A lbert Einstein was right. Time does not pass in the same way everywhere. In Lanestosa its flow slows down. And it is not necessary to resort to the speed of light or the infinite gravitational attraction of a black hole. It is enough to walk through its cobbled streets, to stop and contemplate the landscape, to listen to nature. Little by little, time will roll more slowly. Urgencies will lose importance.
Like the mythical Shambhala, Lanestosa rises in a valley of evergreen forests and meadows between mountains, linked to a river, the Calera, which flows into the salmonfishing Asón to feed the marshes of Santoña and Colindres. The Calera disappears from sight in the karstic terrain where it also carves meandering limestone canyons.
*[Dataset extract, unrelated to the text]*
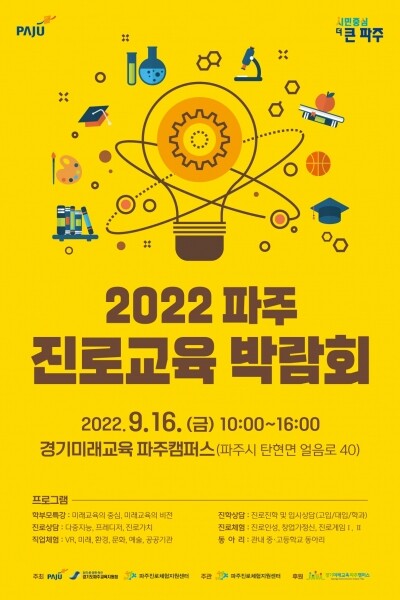 이번 박람회는 파주시, 파주교육지원청 및 파주진로체험지원센터가 공동 주최, 파주진로체험지원센터가 주관했으며 지역 대학과 마을의 진로체험처가 진로·진학 정보를 상호 교류하고 학생과 학부모에게 제공하기 위해 마련됐다.

The entourage of Emperor Charles V passed through the main street of Lanestosa on its way to the plateau half a millennium ago. Those who sit in silence may hear the clopping of horses’ hooves on the cobblestones. Merchants enriched by the passage of goods between Castile and the sea built palaces in the 17th and 18th centuries. Later, Indianos who made their fortune in Mexico, Guatemala or Cuba added the icing on the cake of mansions, now hundreds of years old, to the ancient streets of the town with estates such as ‘La Casona’, ‘La Casa Vizcaya’ or ‘La Casa Sobera’ among others.
For a long time, the inhabitants of Lanestosa have been mainly dedicated to agriculture and livestock farming. This fact has allowed them to preserve not only the spectacular surroundings, but also the way of life linked to the cycles of nature instead of the dictates of the digital clock.
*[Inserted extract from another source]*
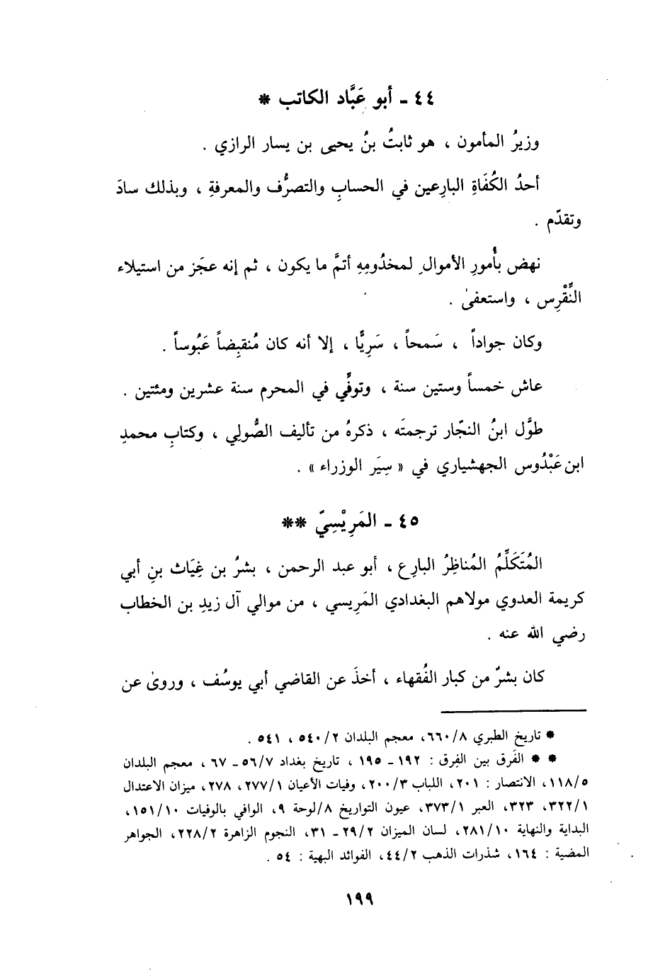 (* *) الفرق بين الفرق: 192 - 195، تاريخ بغداد 7 / 56 - 67، معجم البلدان 5 / 118، الانتصار: 201، اللباب 3 / 200، وفيات الأعيان 1 / 277، 278، ميزان الاعتدال 1 / 322، 323، العبر 1 / 373، عيون التواريخ 8 / لوحة 9، الوافي بالوفيات 10 / 151، البداية والنهاية 10 / 281، لسان الميزان 2 / 29 - 31، النجوم الزاهرة 2 / 228، الجواهر المضية: 164، شذرات الذهب 2 / 44، الفوائد البهية: 54.

The doors of places such as ‘La abacería’, a supermarket, tavern, hardware store, bodeguilla (wine cellar) and a place for conversation, are still open. You can effortlessly hear the birds twittering, the toads chirping and, certainly in winter, the wolves howling. The rough road through the pass of Los Tornos and the constantly changing weather keep the road traffic away from Lanestosa. There is little more than real bikers, locals or cattle trailers.
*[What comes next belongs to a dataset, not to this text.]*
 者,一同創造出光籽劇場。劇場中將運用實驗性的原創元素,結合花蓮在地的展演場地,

That is why the street, when you turn the corner, does not lead to another place, but to another time. A time when the air was thin and scented with hay and the rhythm of the work was set by the ringing of the bell tower.
It is worth breathing in the peace and quiet of Lanestosa. But if you prefer breathtaking activities, whoever stops in Lanestosa is in the perfect spot for speleology, via ferrata, hiking, mountain bikingor bicycle touring.
- During the first week of August, the Virgen de las Nieves, with its unique parade of the “Danzantes”.
- In the middle of August, San Roque.
- Every first Sunday in September, Lanestosa hosts a classic car rally which is bigger every year in terms of number and quality of the participants.